While
the Chinese zero-Covid policy and protests against that policy weigh negatively
on market sentiment, the OPEC plus meeting on December 04 and the beginning of
the European Union embargo on Russian seaborne crude oil imports on the next
day are likely to shape the course of the prices. Uncertainty is high, which
would stoke further volatility in prices.
Oil slumped early on Monday to the lowest level in nearly a
year – since December 2021, weighed down by risk aversion in commodity markets
amid protests in China over the authorities’ strict Covid curbs policy.
The
recent price rout, with Brent plunging by 10% in one week, intensified
speculation that OPEC Plus members could consider another production cut when
they meet on Sunday, December 4. On the following day, December 5, the EU ban
on imports of Russian crude oil and the associated G7-EU price cap begins, with
the exact price of the cap yet to be agreed on and announced.
With so many uncertainties, oil prices are seesawing on
every rumor or report. This week and the ones after that will likely see more
of the same and prices could swing either way depending on the OPEC Plus
meeting, the EU ban and price cap on Russian oil and Russia’s reaction to it,
and the developments in China, which, so far, is singlehandedly dragging down
oil prices due to fears of weak demand in the world’s top crude oil importer at
least in the short term.
A violent move down in prices began on November 21 after The
Wall Street Journal citing OPEC delegates that the members of the group had
informally discussed whether there would be a need for more oil on the market
in view of the EU embargo on Russian crude oil imports. The report was
immediately denied by OPEC’s top producer Saudi Arabia and another influential
member of the cartel, the United Arab Emirates (UAE).
“United Arab Emirates denied that it is engaging in any
discussion with other OPEC+ members to change the last agreement, which is
valid until the end of 2023,” its Energy Minister Suhail al-Mazrouei said on
November 21.
“We remain committed to OPEC Plus aim to balance the oil
market and will support any decision to achieve that goal,” the minister
added.
As of November 29, speculation is mounting that OPEC Plus
could consider a cut at its December 4 meeting due to
gloomier-than-expected oil demand outlook amid Chinese Covid curbs and protests
and slowing economies elsewhere.
Considering
that oil prices slumped to the lowest level since December 2021, OPEC Plus
could indeed decide to defend an US$80 floor under prices, but it will have a
difficult task in predicting how the embargo on Russian crude will impact trade
flows and prices.
The structure of the oil futures market is showing sign
of sluggish global oil demand and sufficient supply just ahead of the embargo
on Russian oil. Weakening physical demand and plunging spot premiums for Middle
Eastern crude could prompt OPEC Plus to announce a fresh cut on Sunday.

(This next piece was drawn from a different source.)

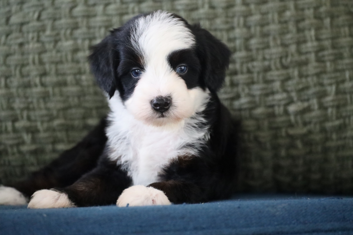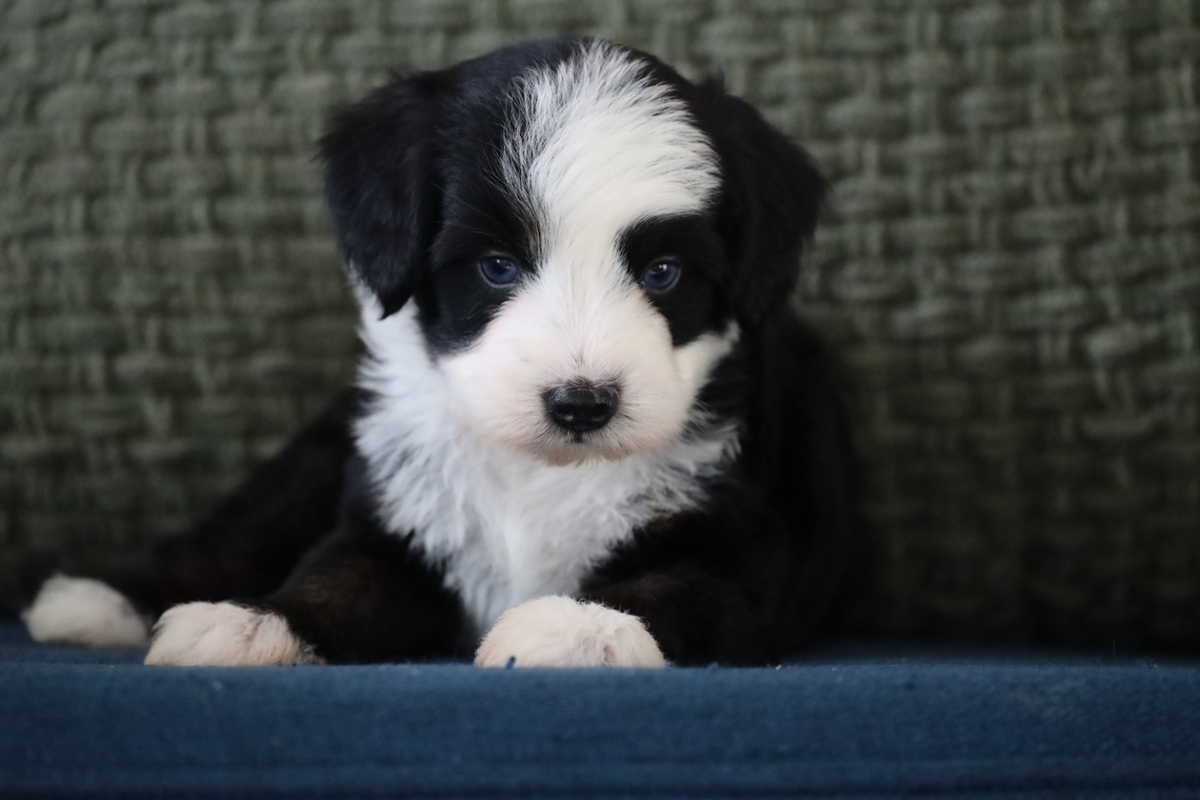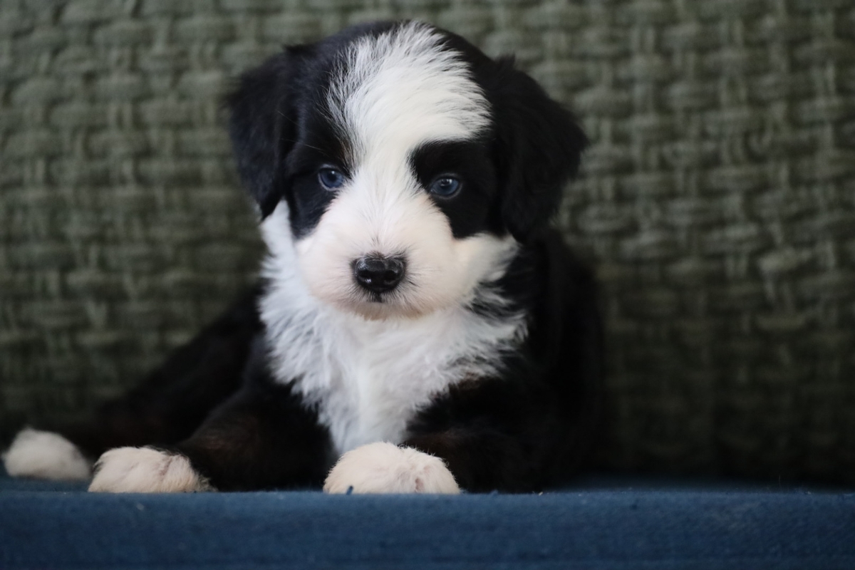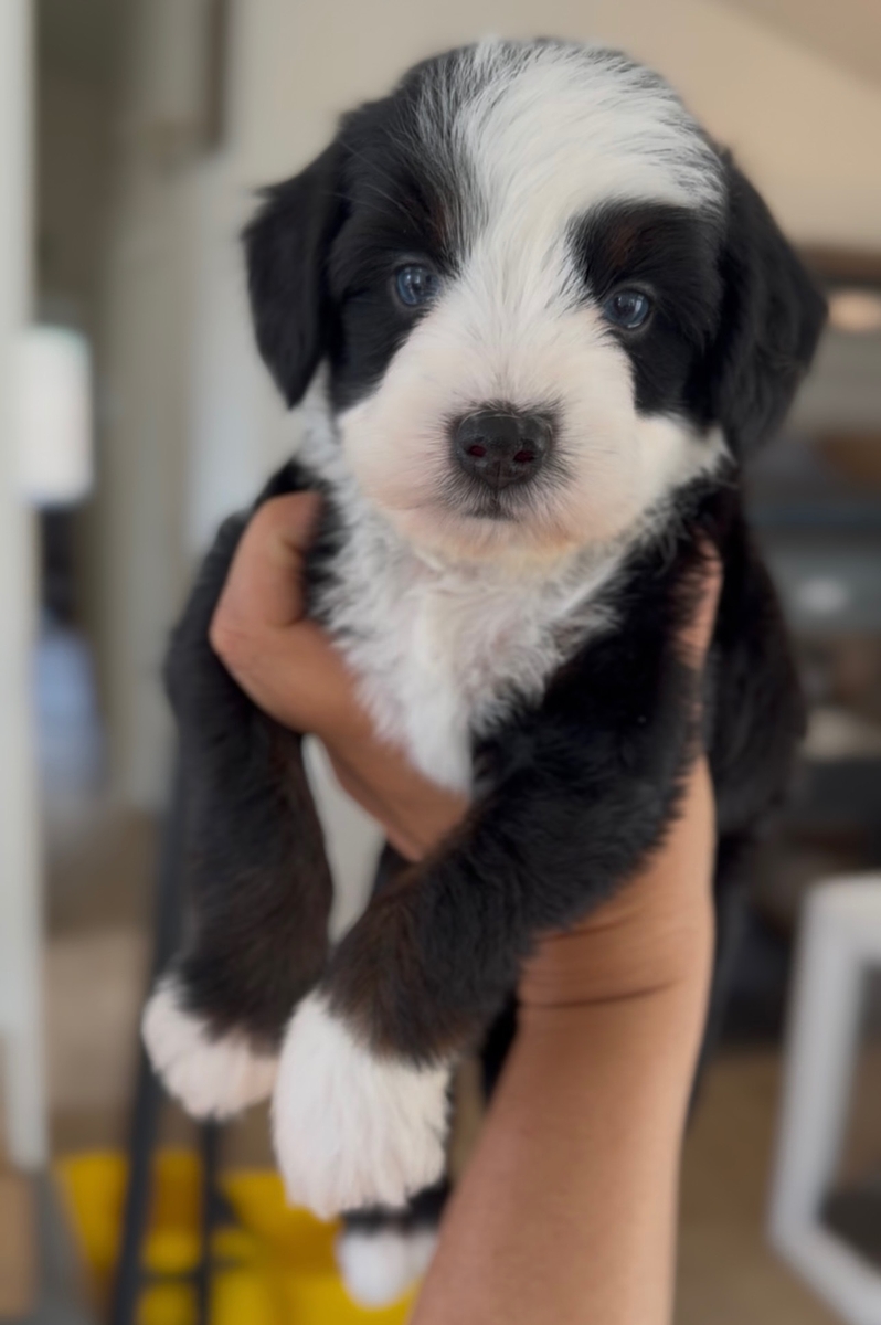Chevy is an absolutely adorable male tri-color Mini multigenerational Bernedoodle with two striking blue eyes that make him truly stand out. His classic tri-color markings paired with his bright, expressive gaze give him a look that’s both eye-catching and full of personality. Chevy has a soft, fully furnished, non-shedding coat and is expected to mature in the 25 lb range—an ideal size for families looking for a smaller companion with all the charm of a Bernedoodle.

The alliance of OPEC and non-OPEC producers led by Russia
regularly denies it’s defending a certain oil price, but it always says that it
looks at the market fundamentals.
These days, the physical market is showing signs of weakness
and even an oversupply in the short term, considering the contango in both WTI
and Brent front-month to second-month futures.
Iraq, OPEC’s second-largest producer, signaled this
weekend that the OPEC+ meeting would focus on the current market conditions and
balances.
Several hours after the OPEC+ meeting, the EU embargo and
the price cap on Russian oil enter into force. There are so many uncertainties
surrounding the measures that analysts cannot predict anything but further
volatility in oil prices. The uncertainties range from the exact price of the
cap – with the EU still at odds over this five days before the
embargo kicks in – to how many vessels Russia would need to place its oil to
willing buyers, where ship-to-ship transfers can occur for Baltic exports bound
for Asia, how big the ‘dark fleet’ under the radar could be, and last but not
least, whether Putin will go through with his promise to stop supplying oil to
anyone joining the price cap.
“All of these things are so significant to the oil markets
that they could whip prices from one direction to the other very
significantly,” Michael Haigh, Global Head of Commodities Research &
Strategy Societe Generale, told The Wall Street Journal.